The thing about investing is that it’s easy to assume you need to be wealthy to get started. Nothing could be further from the truth. In fact, it works the other way around. You build wealth by investing. What’s more, you can be a successful investor with just $100 a week.
Compounding returns do the heavy lifting
What’s so exciting about investing is that even small amounts can make a big difference to your wealth over time. And it’s all thanks to the magic of compounding returns.
Compounding happens when you re-invest returns, so that you start to earn money on your initial investment plus previous returns.

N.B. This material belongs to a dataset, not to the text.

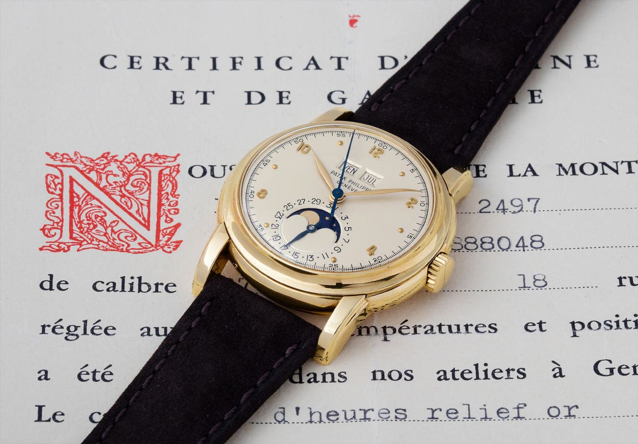 In 1951, reference 2497 was first introduced slightly earlier than its water-resistant equivalent, the reference 2438/1. Due to their balanced symmetry, spectacular curves, and large case sizes, they are considered by many to be one of the most beautiful perpetual calendar wristwatches ever made.
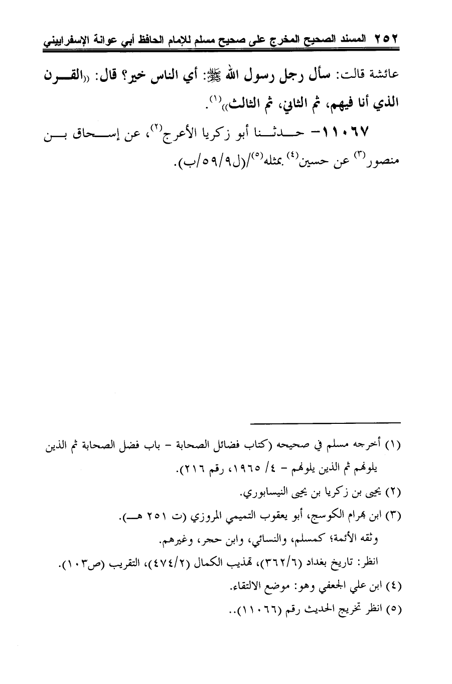 11067 - حدثنا أبو زكريا الأعرج (¬1)، عن إسحاق بن منصور (¬2) عن حسين (¬3) بمثله (¬4).

It can be a very powerful force, and with the benefit of compounding under your belt, your investments can grow exponentially over time.
To see how impressive the effects of compounding can be, let’s say that from age 20, Olivia tucks $100 into an investment, earning 6.5 per cent annually.
Sure, it’s a very small sum, but she backs it up by adding $100 to the same investment every week.
For the first few years, Olivia’s investment hums along, growing mainly through her $100 weekly contribution.
But she reaches a point where compounding kicks in, and from there her wealth skyrockets as the returns on her investments start to make up an increasingly large proportion of the value of her investment.
After 10 years, Olivia will have contributed $48,000 of her own money – but her investment will be worth $67,726.
After another 10 years, when Olivia hits the 20-year mark, she will have tipped in $96,000 – but her investment is worth more than double this, at $197,231.